In the listing that follows, the range to quote begins at the line that has "Louis-Henri NICOT (1878-1944)" and ends after the line that has "The Coach Jacket"; quote it verbatim and add nothing.

# GIVEN INFORMATION:
———

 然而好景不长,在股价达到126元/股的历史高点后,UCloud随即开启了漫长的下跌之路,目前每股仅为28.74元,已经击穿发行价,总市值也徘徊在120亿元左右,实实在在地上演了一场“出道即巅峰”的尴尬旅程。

———

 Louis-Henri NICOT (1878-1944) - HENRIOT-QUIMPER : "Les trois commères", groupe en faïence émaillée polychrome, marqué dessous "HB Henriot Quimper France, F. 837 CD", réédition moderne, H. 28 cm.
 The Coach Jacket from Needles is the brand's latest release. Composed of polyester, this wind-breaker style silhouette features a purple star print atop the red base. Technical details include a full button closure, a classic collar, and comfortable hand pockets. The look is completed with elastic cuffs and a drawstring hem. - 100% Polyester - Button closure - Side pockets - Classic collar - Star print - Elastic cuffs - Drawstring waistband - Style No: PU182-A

———

# ANSWER TO THIS PROBLEM:
 Louis-Henri NICOT (1878-1944) - HENRIOT-QUIMPER : "Les trois commères", groupe en faïence émaillée polychrome, marqué dessous "HB Henriot Quimper France, F. 837 CD", réédition moderne, H. 28 cm.
 The Coach Jacket from Needles is the brand's latest release. Composed of polyester, this wind-breaker style silhouette features a purple star print atop the red base. Technical details include a full button closure, a classic collar, and comfortable hand pockets. The look is completed with elastic cuffs and a drawstring hem. - 100% Polyester - Button closure - Side pockets - Classic collar - Star print - Elastic cuffs - Drawstring waistband - Style No: PU182-A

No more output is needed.